The Role of Climate on Hydrologic Extremes in the Northern Great Plains Region: Updates from the National Climate Assessment
Speaker: Ben Livneh
Assistant Professor, Civil Environmental and Architectural Engineering Fellow, Cooperative Institute for Research in Environmental Science, University of Colorado, Boulder CO
Time: 2:30:00 PM
Location: Hardin Hall Auditorium (Room 107)
The National Climate Assessment summarizes the impacts of climate change on the United States, now and in the future. This presentation will begin with an overview of the 4th National Climate Assessment (NCA4). Next, water-related science from Dr. Livneh's team will be presented focused on understanding the relationship between climate and extreme regional hydrologic events.
The research portion of this presentation will focus first on the recent 2012 drought event, which was accompanied by record deficits in precipitation and high temperatures during the May-August growing season. The primary objective is to understand the proximal causes of this drought event - whether driven by temperature versus precipitation - as well as important regional features of drought events more generally. Land Surface Model (LSM) simulations driven by daily observed meteorological forcing from 1950-2013 were first compared with satellite-derived terrestrial water anomalies, and the U.S. Drought Monitor. Growing season droughts resulting principally from rainfall deficits were found to have a unique signature relative to droughts accompanied by high temperatures or low antecedent. Results from climate change scenarios are presented to comment on plausible Great Plains soil moisture changes in a warmer world.

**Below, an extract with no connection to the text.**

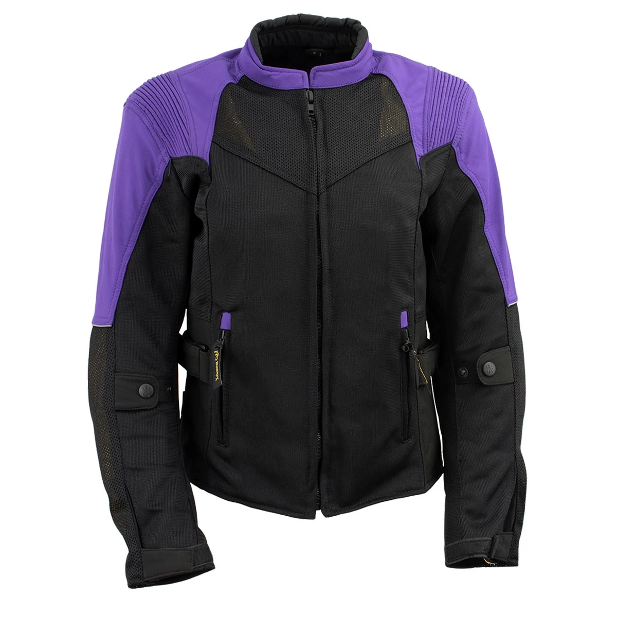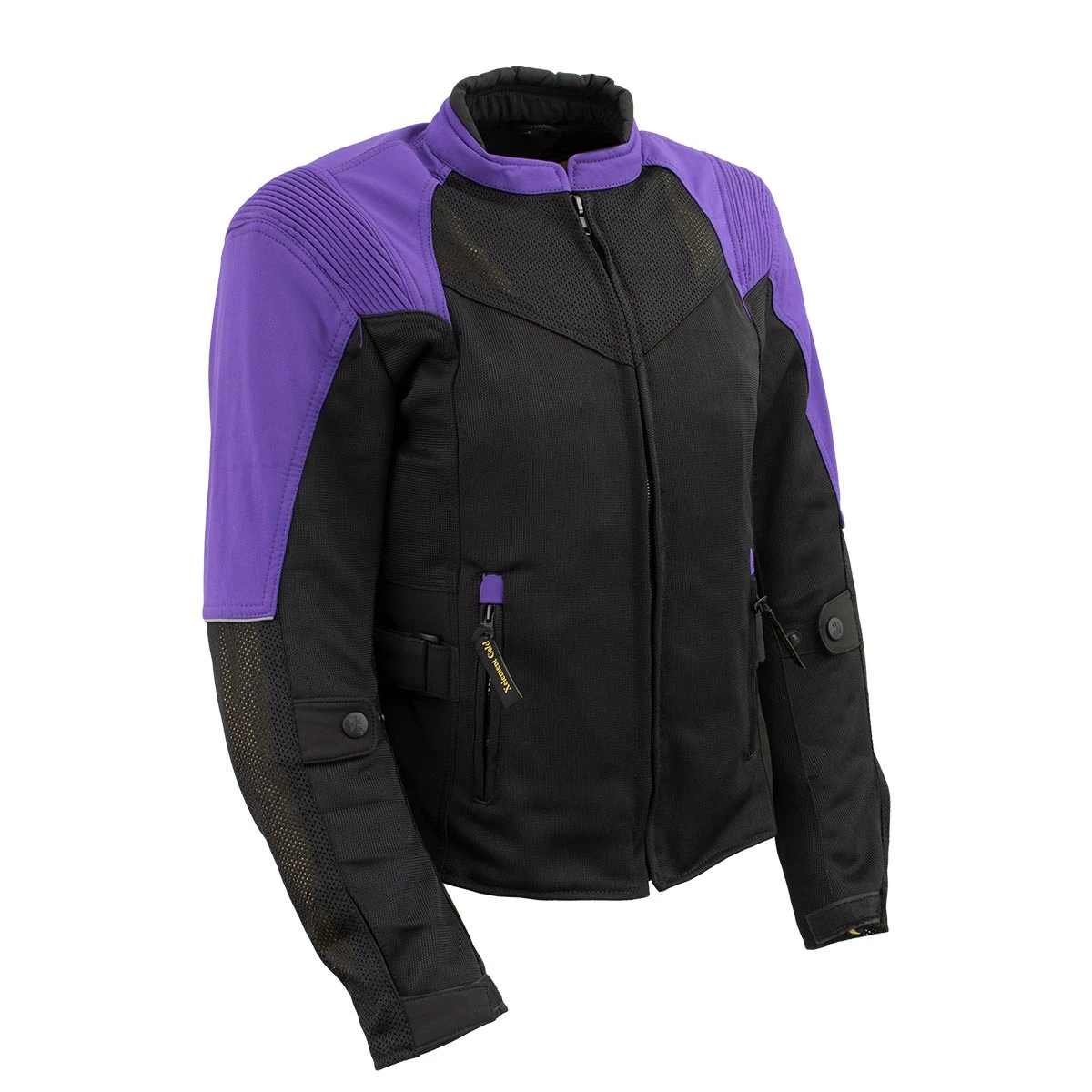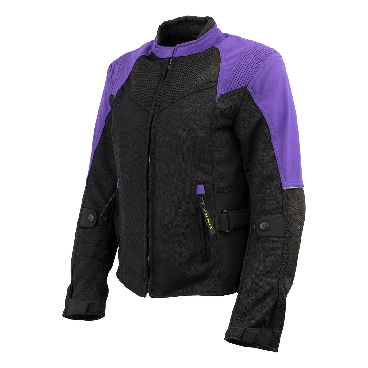 Xelement ‘Gold Series’ XS22008 Ladies ‘Be Cool’ Black with Purple Textile and Soft-Shell Motorcycle Jacket with X-Armor

Interestingly in the same broad region, observations reveal a sharp increase in the Upper Missouri River Basin's year-to-year streamflow variability. The variability of annual streamflow in the 20-year period 1993-2012 has doubled relative to the 20th century, with a disproportionate number of high streamflow years observed after 1993. Yet comparable changes in the variability of precipitation and temperature have not been observed. Of particular interest was the 2011 Missouri basin flood event that represented the largest flood records since observations began in 1898. Here I attempt to diagnose the causes of the streamflow changes, focusing on the relationship between land surface physics and the evolving characteristics of the meteorology. Outcomes of this research are expected to be broadly relevant in light of recent concerns over intensification of the hydrological cycle.
Ben Livneh grew up in Ontario Canada. He earned his first two Civil Engineering degrees at the University of Western Ontario. He earned his Ph.D. degree at the University of Washington under the guidance of Dennis P. Lettenmaier, where he worked on a wide range of problems related to large-scale computational hydrology. His dissertation focused on the development of the Unified Land Model (ULM)--a merger of two operational models: the Sacramento Soil Moisture Accounting Model and the Noah Land Surface Model. During his time in Seattle, Ben also taught several courses at Seattle University. He now leads a research group in the department of Civil, Environmental, and Architectural Engineering and he is also a Cooperative Institute for Research in Environmental Sciences (CIRES) fellow. Professor Livneh's research group addresses physical hydrology problems across multiple scales. Major research themes include physically-based hydrologic model development, land-cover/land-use change, snow hydrology, and hydroclimatology. The group is focused on applying models in innovative ways that integrate remote sensing and in situ observations to understand how changes in climate and land cover will affect water availability at the land surface. Professor Livneh frequently interacts with scientists at the Western Water Assessment, with the departments of Geography, INSTAAR, and ATOC.